--- TASK ITEM ---
The response consists of the lines from the start of the material below through the line holding "Perched on a", repeated word for word and without pictures.

[PROVIDED RECORDS — start]

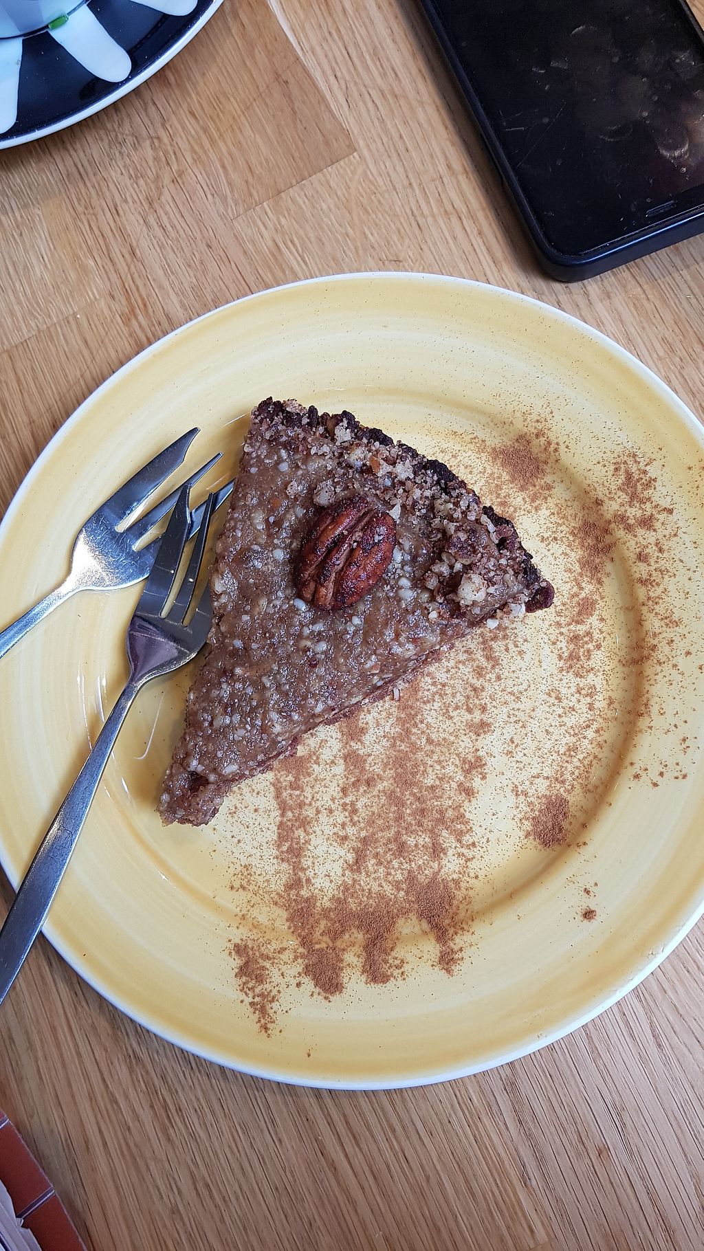 I also had a pecan pie which seemed to be a raw cake (forgot to ask). It was good too; but not great. Many drinks are also available with plant-based milk.
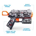 تفنگ فلوکس از برند Zuru، یک تیر رو در اسلحه و دو تیر رو در خشاب خودش جای میده و اینطوری شما میتونید تفنگتون رو قبل از حریفان آماده کنید. برای شلیک کافیه که تیر رو در اسلحه قرار داده، گلنگدن رو به عقب بکشید و ماشه رو فشار بدید تا یک تیر به سمت هدف پرتاب شود. این تفنگ با طرح گرافیتی جدید و جذابی که داره رقابت تو صحنهی نبرد رو براتون هیجانانگیزتر میکنه.
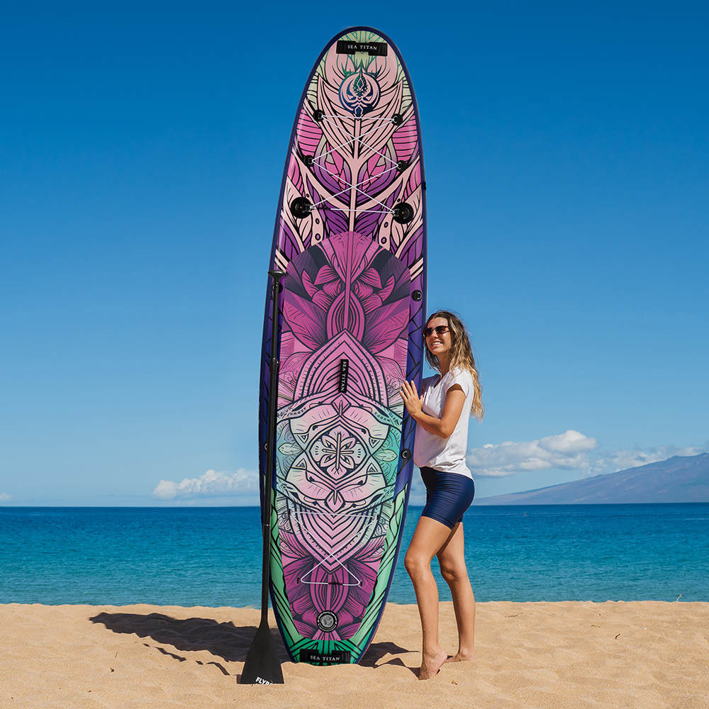 Brought this board so my daughter and I could go out on the river together. The quality of the craftsmanship is amazing! Colours are stunning and it’s bulking or uncomfortable when deflated.
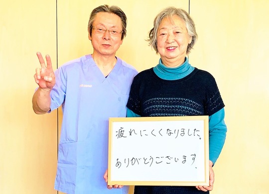 もつと早く先生にお会いしていたら身体がこんなに曲がらないですんでいたのにと後悔もありますが、これから先、先生に施術をしてもらい今までの様なつらい身体からサヨナラしたいです。
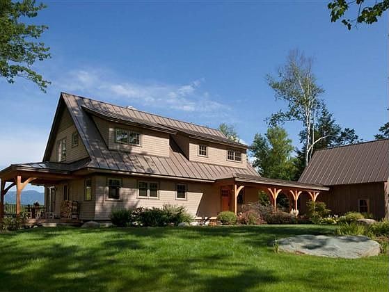 Perched on a wooded hillside this 2010 architect-designed Adirondack style home represents the best in local design and craftsmanship. Views are expansive, northwest toward Mansfield, Spruce and Trapps, and eastward to the Worcester Range. The 5 acre former sugar bush property is serene, private, yet only moments from town. The sloped setting features perennial gardens and terraced landscaping leading to a pond and raised-bed vegetable garden. Constructed primarily from local materials, the 4 bedroom, 3 1/2 bath interior features high timber-framed ceilings, radiant heating throughout, custom cabinetry and bookshelves. The kitchen has top quality appliances, a spacious windowed pantry, and a built-in breakfast nook that takes advantage of the morning sunlight and Worcester views. A granite hearth is the centerpiece of the open living area. Even the walkout level is exceptional, with 9 1/2' ceilings and full Mansfield views.
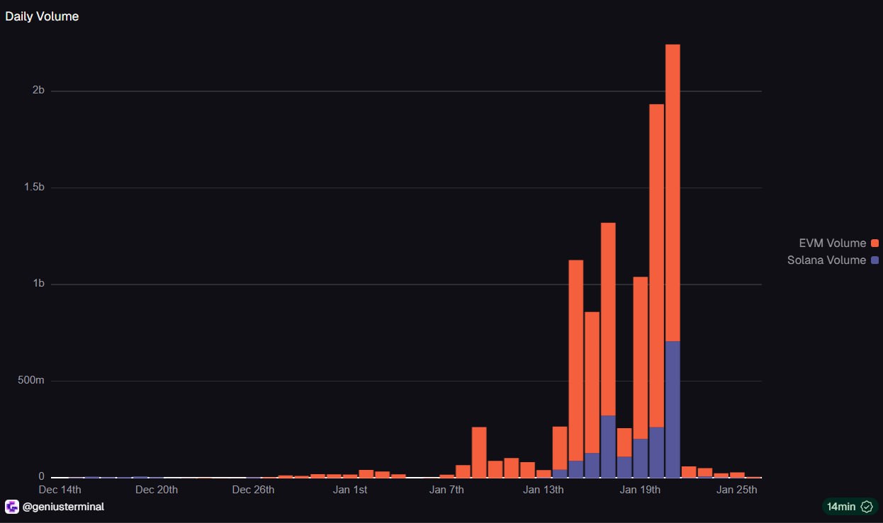 Genius Terminal 日交易量自 1 月 21 日达到 22 亿美元峰值后遭遇断崖式下滑

[PROVIDED RECORDS — finish]

--- ANSWER BELOW ---
 I also had a pecan pie which seemed to be a raw cake (forgot to ask). It was good too; but not great. Many drinks are also available with plant-based milk.
 تفنگ فلوکس از برند Zuru، یک تیر رو در اسلحه و دو تیر رو در خشاب خودش جای میده و اینطوری شما میتونید تفنگتون رو قبل از حریفان آماده کنید. برای شلیک کافیه که تیر رو در اسلحه قرار داده، گلنگدن رو به عقب بکشید و ماشه رو فشار بدید تا یک تیر به سمت هدف پرتاب شود. این تفنگ با طرح گرافیتی جدید و جذابی که داره رقابت تو صحنهی نبرد رو براتون هیجانانگیزتر میکنه.
 Brought this board so my daughter and I could go out on the river together. The quality of the craftsmanship is amazing! Colours are stunning and it’s bulking or uncomfortable when deflated.
 もつと早く先生にお会いしていたら身体がこんなに曲がらないですんでいたのにと後悔もありますが、これから先、先生に施術をしてもらい今までの様なつらい身体からサヨナラしたいです。
 Perched on a wooded hillside this 2010 architect-designed Adirondack style home represents the best in local design and craftsmanship. Views are expansive, northwest toward Mansfield, Spruce and Trapps, and eastward to the Worcester Range. The 5 acre former sugar bush property is serene, private, yet only moments from town. The sloped setting features perennial gardens and terraced landscaping leading to a pond and raised-bed vegetable garden. Constructed primarily from local materials, the 4 bedroom, 3 1/2 bath interior features high timber-framed ceilings, radiant heating throughout, custom cabinetry and bookshelves. The kitchen has top quality appliances, a spacious windowed pantry, and a built-in breakfast nook that takes advantage of the morning sunlight and Worcester views. A granite hearth is the centerpiece of the open living area. Even the walkout level is exceptional, with 9 1/2' ceilings and full Mansfield views.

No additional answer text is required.